Why are single people sometimes blamed for their singleness?

StarScream35

Well-Known Member
Yes I know there are some people who are single because of personality disorders but I'm seeing an increase of people who blame single people for being single. Seriously, dating isn't easy. And defintely getting past dating into a relationship is another hard walk in the park. I would like to hear from you ladies concerning this topic.
 
Girl. I can't tell you how many CHRISTIAN women have made me feel like me being unmarried has something to do with me...

I'm sure I am part of the issue but if it hasn't happened its just not my time :tantrum:
 
It doesn't have to be a bad thing IMO
IF someone was to blame me for being single, they'd be right. I left a relationship I wasn't happy in and will not get in another one until I meet someone who meets my needs.

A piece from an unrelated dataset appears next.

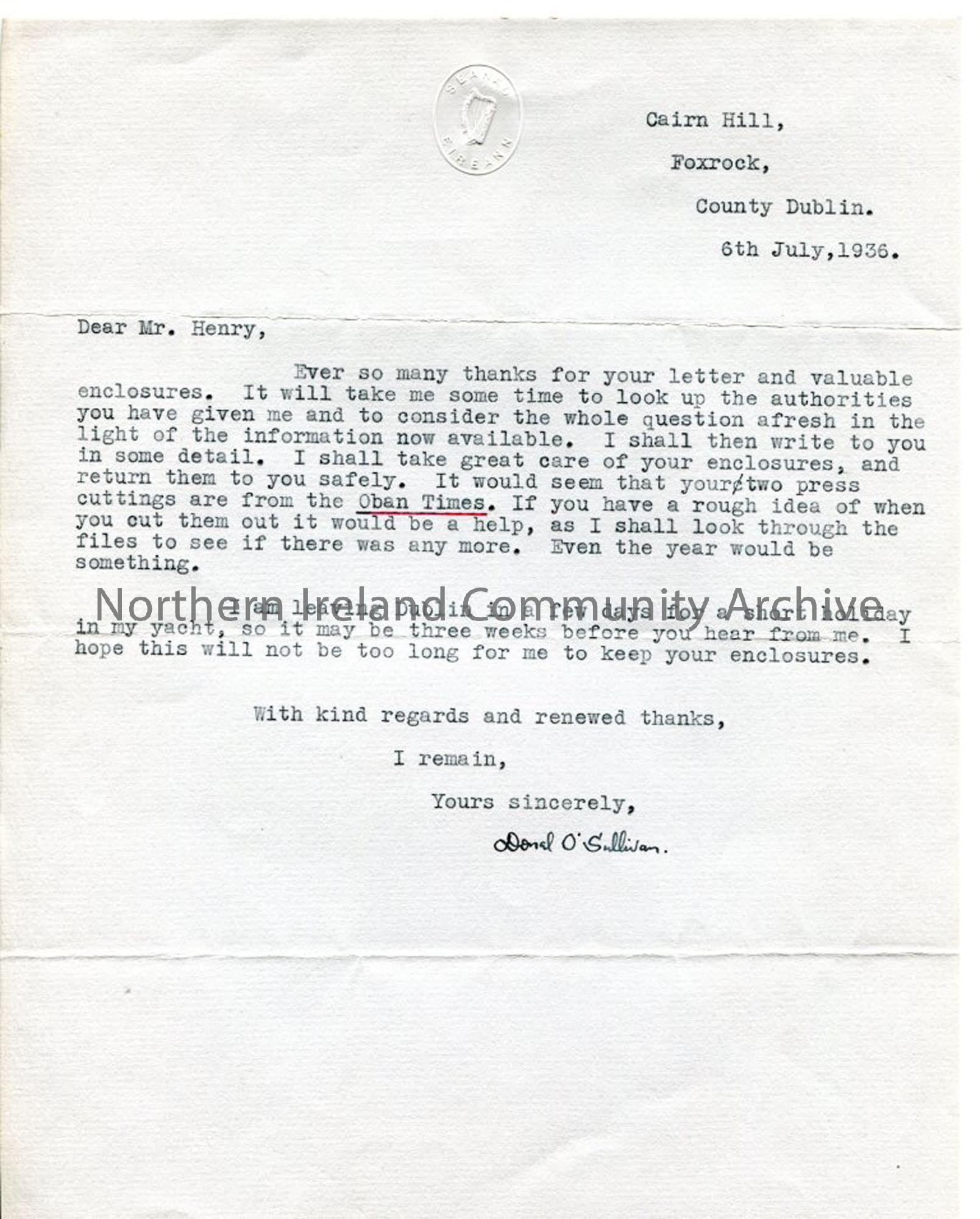 Typed letter from Donal O'Sulivan on Seanad Eireann [upper house of Irish Parliament] imprinted paper, re: information sent by Sam along with Scottish newspaper cuttings - possibly from the Oban Times. Dated 6.7.1936.

I am to blame for being single because I left. I will be happily single until the right man with the right plan comes along.
 
For me its not only the blame game but everybody has "suggestions"

If I hear....

"Maybe you should go out more"
"Have you tried match, eharmony, or craigslist" (what the hell?):perplexed
" You'll meet him as soon as you stop looking"
"You're just too picky"
"There is no such thing as a perfect man"
bla bla bla

Yes I do go out. I don't get hit on every time I go out
Dating websites..... been there done that...
No I'm not picky! I just refuse to lower my standards just so I can tell folks I got a man

People are a trip
 
OP I'm sorry people have made you feel like it's your fault that you are single. It's hard to know what to say to someone who is single, especially if you are married. Sometimes it seems like nothing you say is right. I tend to just not say much anymore and say good luck or something like that. Or I try to stay focused on the positive: their career, trips they are planning, etc. Some single women are so angry and bitter that they take everything you say as an insult. I do know some people can be dismissive and/ or insensitive and like someone else said up thread f them :look:.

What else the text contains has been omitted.